- Born: Patricia Kott 12 December 1925 Western Australia
- Died: 4 January 2012 (aged 86)
- Scientific career
- Fields: Invertebrates Sea squirts
- Workplaces: CSIRO University of Queensland Queensland Museum

= Patricia Mather =

Australian zoologist and taxonomist (1925–2012)

Patricia Mather (née Kott) (12 December 1925 – 4 January 2012) was an Australian zoologist and taxonomist known for her research into sea squirts. She became a leader in Australian marine science and achieved international status through her work on the Ascidiacea. She has published (under her maiden name, Patricia Kott) more than 150 papers including a major monograph on the "Australian Ascidiacea" (in four parts between 1985 and 2001).

== Early life ==
Patricia Mather (born Patricia Kott) on 12 December 1925 in Perth was raised and educated in Western Australia. She received an early introduction into marine science during holiday jobs sorting plankton at the CSIR (later to become the CSIRO) Fisheries Division.

After graduating from the University of Western Australia in 1948 with a B.Sc. first-class honours degree she was appointed plankton officer in the Fisheries Division at Cronulla, New South Wales. After completing her MSc in 1949 she was made a CSIR overseas student and studied in England at the University College (London University) doing a course on invertebrates. She also studied the ascidian collections in the British Natural History Museum.

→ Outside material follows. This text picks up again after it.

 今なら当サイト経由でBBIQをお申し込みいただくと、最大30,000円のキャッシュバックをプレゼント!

Patricia then went on to continue studies at the Marine Biological Association Laboratory in Plymouth.

Upon her return to Australia in 1951 and work with the CSIRO as a plankton officer, she became focused on the taxonomy of the ascidiacea.

Patricia married Wharton Burdett Mather, a lecturer at the University of Queensland in 1955 and thus was forced to leave the CSIRO. (On marriage, since she was a Commonwealth public servant, she was forced to retire: Australian law of the time permitted no married women to be Commonwealth public servants.)

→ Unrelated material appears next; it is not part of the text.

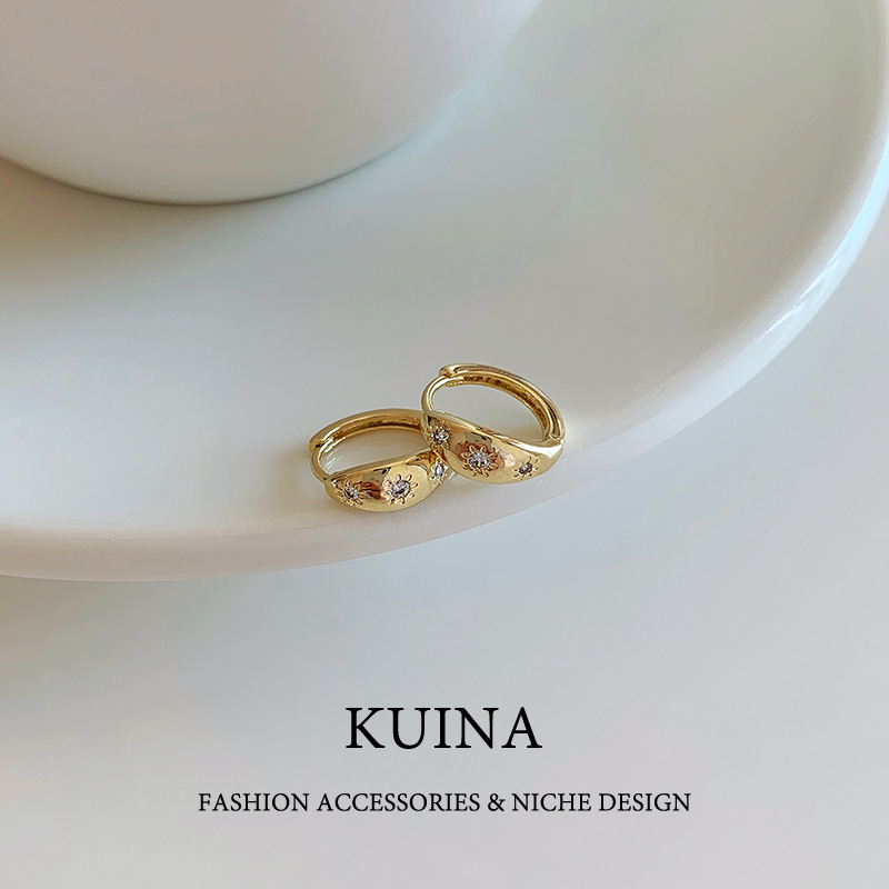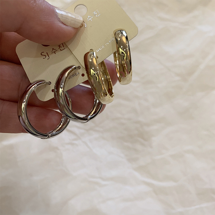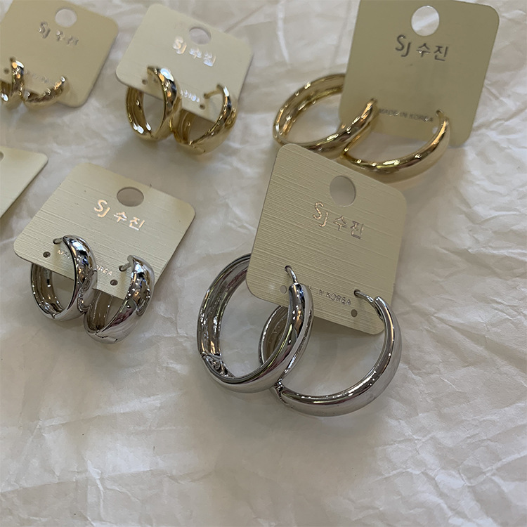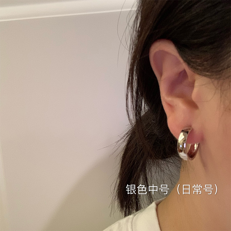 SUGARマットメタルサークルピアスレディースins冷淡风个性耳轮秋冬レトロ高级感ピアス

Waldo Schmitt from the Smithsonian Institution in Washington, D.C., asked her to write a monograph on Antarctic ascidiacea located in the American national collections in the mid-1960s. Upon completion of this work she returned to Australia. She earnt her DSc. from the University of Western Australia in 1970. Mather was appointed a curator at the Queensland Museum in 1973 and later rose to senior curator.

Mather published 150 scientific papers (under her maiden name Patricia Kott). She described 500 new species.

She was secretary and late President of the Great Barrier Reef Committee in the 1970s and helped to establish the Great Barrier Reef Marine Park Authority, including providing scientific evidence to the two royal commissions which investigated drilling on the Great Barrier Reef and contributed to the drafting of legislation that formed the Great Barrier Marine Park Authority.

Mather retired in 1990 but continued working at the Queensland Museum as an honorary associate until October 2011.

== Awards ==

- 1991 Queensland Museum medal
- 1992 Australian Museum Science Association Jubilee Prize
- 1992 Officer of the Order of Australia
- Whitley award - best book on science history. Time for a museum: a history of the Queensland Museum (1986)
- Whitley award – best book on natural history. The coral reef handbook (1993) with Isobel Bennett.

== Legacy ==
Patricia Mather died on 4 January 2012, in Brisbane, Queensland and was survived by her three sons and six grandsons. A street is named for her in the Dutton Park Biosciences Precinct – Patricia Mather Place.